**DATA BELOW**
== == ==

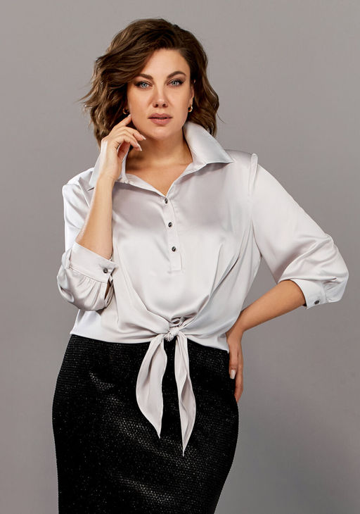 Блузка из мягкого блузочного атласа, прямого силуэта, с рубашечным воротником и застежкой на три пуговицы на планке до середины блузки. По переду блузка удлинена и  низ переходит в завязку. Рукав трехчетвертной на манжете, на одну пуговицу.
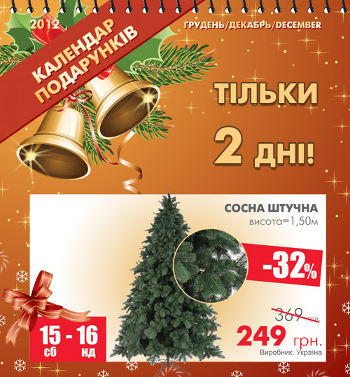 - Календар подарунків: сосна штучна – знижка 32 %!
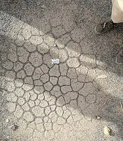 Les fissures de dessiccation se développent dans des matériaux cohésifs, telle les boues courantes, qui subissent un retrait en cas de perte d'eau ;on ne peut pas s'attendre à ce que les matériaux granulaires non adhérents, tels que le sable, présentent des fissures de retrait[4]. Des fentes de dessiccation profondes se développent dans les vasières supratidales dans la mesure où elles ne sont que rarement inondées par les marées, ce qui laisse le temps aux sédiments de sécher[5]. On en trouve également dans le lit asséché des rivières, au fond des marais asséchés (durant l'assec) ou des lacs asséchés.

== == ==

In the copy, only the lines from the one holding "- Календар подарунків: сосна" through the end of the listing above should appear, retyped exactly, both ends included, with no pictures.

 - Календар подарунків: сосна штучна – знижка 32 %!
 Les fissures de dessiccation se développent dans des matériaux cohésifs, telle les boues courantes, qui subissent un retrait en cas de perte d'eau ;on ne peut pas s'attendre à ce que les matériaux granulaires non adhérents, tels que le sable, présentent des fissures de retrait[4]. Des fentes de dessiccation profondes se développent dans les vasières supratidales dans la mesure où elles ne sont que rarement inondées par les marées, ce qui laisse le temps aux sédiments de sécher[5]. On en trouve également dans le lit asséché des rivières, au fond des marais asséchés (durant l'assec) ou des lacs asséchés.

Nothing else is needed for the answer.